42% People in Parts of UP, Bihar, MP Say Won’t Take COVID Vaccine
The survey on countering COVID-19 misinformation in rural areas was conducted by Video Volunteers for The Quint.
Close to 42 percent of people in rural areas of Uttar Pradesh, Madhya Pradesh, and Bihar outrightly said they won’t take the COVID-19 vaccine citing “death” as one of the prominent reasons for their hesitancy.
This is as per a survey conducted by Video Volunteers for The Quint on countering COVID-19 and vaccine misinformation in the rural areas. The survey was conducted in 20 districts of eastern and central UP, and 12 districts in Bihar and Madhya Pradesh each.
The survey was conducted between 28 April and 12 May, and 1,761 people participated in it.
As per the findings, overall 26 percent of people believe that COVID is a government conspiracy, but among those who refuse to take the vaccine, 45 percent believe the same.
Similarly, of the people who refuse to take the vaccine, nearly 68 percent believe that the vaccine will not protect them from COVID. We also found that women were found to be more suspicious of the vaccine as compared to men.
It is important to note that 85 percent of the respondents had not been vaccinated at all at the time of conducting the survey, which means that they had not even taken one dose of the COVID-19 vaccine.
56% of People Believe WhatsApp Forwards
Of the 1,761 respondents who were surveyed, we found that 56 percent considered WhatsApp a reliable source of information and nearly 11 percent considered it to be their primary source of information about COVID-19.
On the other hand, 55 percent of the people said that they trust Facebook posts and 9 percent relied on it as their primary source of information.
The highest, however, was considered to be word of mouth. Nearly 48 percent of the participants said that friends and family are their source of information.
The survey also found that 27 percent of the respondents thought that death is an “expected symptom” of the COVID-19 vaccine. 8 percent believed that the vaccine causes impotency and 4 percent said that the vaccine could cause problems with the menstrual cycle.
Reports have showed how such rumours have led to fear and panic in the rural areas, which have been severely impacted in the second wave of the pandemic.
A survey conducted in the US and the UK has also found that exposure to misinformation reduced vaccine acceptance in people. The Quint's fact-checking initiative WebQoof has debunked several such pieces of misinformation that were found to be viral on WhatsApp.
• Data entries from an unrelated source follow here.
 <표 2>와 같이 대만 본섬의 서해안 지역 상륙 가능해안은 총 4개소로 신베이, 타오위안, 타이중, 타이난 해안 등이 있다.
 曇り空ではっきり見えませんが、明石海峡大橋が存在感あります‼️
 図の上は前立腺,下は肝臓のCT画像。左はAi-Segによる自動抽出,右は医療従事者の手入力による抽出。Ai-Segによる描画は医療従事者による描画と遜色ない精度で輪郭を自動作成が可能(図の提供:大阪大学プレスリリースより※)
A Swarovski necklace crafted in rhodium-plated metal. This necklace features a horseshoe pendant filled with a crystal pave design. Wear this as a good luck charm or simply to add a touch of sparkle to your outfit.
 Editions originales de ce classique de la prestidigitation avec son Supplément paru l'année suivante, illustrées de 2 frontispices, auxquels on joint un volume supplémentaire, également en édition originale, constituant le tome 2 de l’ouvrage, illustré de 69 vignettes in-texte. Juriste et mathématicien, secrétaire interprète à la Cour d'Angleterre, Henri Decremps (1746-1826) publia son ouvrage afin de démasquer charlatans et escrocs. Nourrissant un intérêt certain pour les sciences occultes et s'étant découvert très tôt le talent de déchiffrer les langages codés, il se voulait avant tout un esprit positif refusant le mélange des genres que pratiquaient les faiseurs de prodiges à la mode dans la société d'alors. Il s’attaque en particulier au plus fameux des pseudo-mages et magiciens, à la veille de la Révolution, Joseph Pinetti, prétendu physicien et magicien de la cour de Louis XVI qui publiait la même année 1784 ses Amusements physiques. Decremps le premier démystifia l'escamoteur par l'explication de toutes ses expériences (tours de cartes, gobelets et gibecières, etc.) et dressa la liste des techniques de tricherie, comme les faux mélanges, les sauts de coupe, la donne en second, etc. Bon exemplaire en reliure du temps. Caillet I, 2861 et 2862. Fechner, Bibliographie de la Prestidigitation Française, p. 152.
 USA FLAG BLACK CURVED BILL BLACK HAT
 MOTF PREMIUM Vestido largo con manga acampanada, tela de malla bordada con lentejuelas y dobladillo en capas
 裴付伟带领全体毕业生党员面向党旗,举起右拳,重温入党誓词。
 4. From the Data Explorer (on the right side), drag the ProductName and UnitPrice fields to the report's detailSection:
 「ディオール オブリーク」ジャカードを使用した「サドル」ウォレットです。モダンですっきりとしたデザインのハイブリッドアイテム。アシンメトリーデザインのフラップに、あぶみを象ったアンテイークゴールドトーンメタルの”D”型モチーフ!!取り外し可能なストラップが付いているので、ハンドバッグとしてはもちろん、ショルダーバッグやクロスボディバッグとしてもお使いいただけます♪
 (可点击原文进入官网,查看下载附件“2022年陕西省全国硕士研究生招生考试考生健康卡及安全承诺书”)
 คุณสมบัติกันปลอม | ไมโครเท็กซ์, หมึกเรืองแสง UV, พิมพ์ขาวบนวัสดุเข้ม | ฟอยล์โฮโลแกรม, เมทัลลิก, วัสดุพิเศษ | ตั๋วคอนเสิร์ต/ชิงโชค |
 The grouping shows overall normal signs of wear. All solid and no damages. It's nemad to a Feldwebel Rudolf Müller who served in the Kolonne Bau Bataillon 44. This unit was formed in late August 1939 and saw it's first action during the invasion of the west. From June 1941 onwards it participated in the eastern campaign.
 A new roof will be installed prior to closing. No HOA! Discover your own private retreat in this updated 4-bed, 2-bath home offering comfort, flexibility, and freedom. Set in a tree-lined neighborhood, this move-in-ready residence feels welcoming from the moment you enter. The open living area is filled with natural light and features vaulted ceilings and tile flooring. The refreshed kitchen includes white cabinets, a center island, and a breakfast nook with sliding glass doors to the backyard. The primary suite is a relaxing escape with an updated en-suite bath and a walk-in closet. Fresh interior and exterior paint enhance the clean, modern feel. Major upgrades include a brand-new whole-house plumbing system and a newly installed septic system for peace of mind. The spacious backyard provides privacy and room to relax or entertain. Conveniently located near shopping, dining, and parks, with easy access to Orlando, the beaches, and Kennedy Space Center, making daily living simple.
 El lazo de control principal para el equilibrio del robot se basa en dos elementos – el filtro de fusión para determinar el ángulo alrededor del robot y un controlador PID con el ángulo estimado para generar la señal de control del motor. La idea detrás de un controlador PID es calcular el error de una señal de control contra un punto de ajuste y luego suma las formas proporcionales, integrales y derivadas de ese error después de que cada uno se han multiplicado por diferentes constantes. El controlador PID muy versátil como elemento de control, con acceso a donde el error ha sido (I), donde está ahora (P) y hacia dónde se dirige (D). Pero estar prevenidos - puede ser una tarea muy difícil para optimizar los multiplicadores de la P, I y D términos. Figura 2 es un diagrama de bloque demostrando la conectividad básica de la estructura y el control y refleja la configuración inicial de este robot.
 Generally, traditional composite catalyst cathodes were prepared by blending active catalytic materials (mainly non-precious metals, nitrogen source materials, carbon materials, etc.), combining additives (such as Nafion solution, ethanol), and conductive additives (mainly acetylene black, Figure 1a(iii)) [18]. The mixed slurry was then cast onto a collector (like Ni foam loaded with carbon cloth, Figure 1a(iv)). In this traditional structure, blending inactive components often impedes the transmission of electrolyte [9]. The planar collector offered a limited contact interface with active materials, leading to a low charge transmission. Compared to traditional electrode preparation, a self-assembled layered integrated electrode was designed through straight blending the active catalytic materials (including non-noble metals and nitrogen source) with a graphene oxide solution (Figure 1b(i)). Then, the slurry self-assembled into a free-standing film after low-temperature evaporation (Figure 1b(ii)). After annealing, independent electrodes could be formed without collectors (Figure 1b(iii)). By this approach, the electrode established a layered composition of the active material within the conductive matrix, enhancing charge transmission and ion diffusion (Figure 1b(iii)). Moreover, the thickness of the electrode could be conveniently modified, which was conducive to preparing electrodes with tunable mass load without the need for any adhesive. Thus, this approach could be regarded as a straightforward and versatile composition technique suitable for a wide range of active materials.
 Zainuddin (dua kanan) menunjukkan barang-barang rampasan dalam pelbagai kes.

Suspicion and Trust Deficit in Rural India
Lack of trust in the government and health authorities was also quoted to be one of the reasons behind vaccine hesitancy by participants.
26 percent of the respondents, both among the urban and rural poor, believed that COVID-19 is a government conspiracy and that asking them to vaccinate and wear masks is mere propaganda.
Misinformation or lack of proper information about the vaccine’s efficacy has also made people suspicious of the vaccine. 55 percent of the respondents said that they were fearful of getting the vaccine.
Among those who were fearful of the vaccine, 60 percent believed that the vaccine can cause death, while 15 percent believed that the vaccine can cause COVID-19.
The Gender, Religious, and Class Divides Widen
The survey found that traditionally marginalised communities such as scheduled castes and scheduled tribes are markedly worse informed than others.
65 percent of Scheduled Caste, 59 percent in Scheduled Tribes and 49 percent of those belonging to the Other Backward Castes (OBC) were fearful of getting the vaccine.
Religious minorities were in a similar situation with 68 percent of Muslim respondents indicating that they were fearful of the vaccine.
Half of the surveyed Muslims said that they will not get vaccinated as compared to 42 percent of the Hindus.
Ninety percent of respondents of the survey were Hindu and 7 percent were Muslim.
The lack of credible information was seen impacting the decision-making process in women respondents. Women were were found to be more suspicious of the vaccine with 61 percent of women expressing fear of the vaccine as compared to 49 percent of the men.
Of the surveyed women, 46 percent said that they will not get the vaccine, 4 percent higher than the average.
The survey suggests that the spread of misinformation, lack of credible news sources and trust deficit on the part of the government health and information networks had given rise to vaccine hesitancy the most vulnerable communities.
(Disclaimer: The Quint is working with Video Volunteers, a media organisation that promotes community media and citizen participation in marginalised and poor communities, to help fact-check misinformation about the COVID-19 immunisation process in the rural parts of the country, with a focus on women. The story has been published as part of the same project.)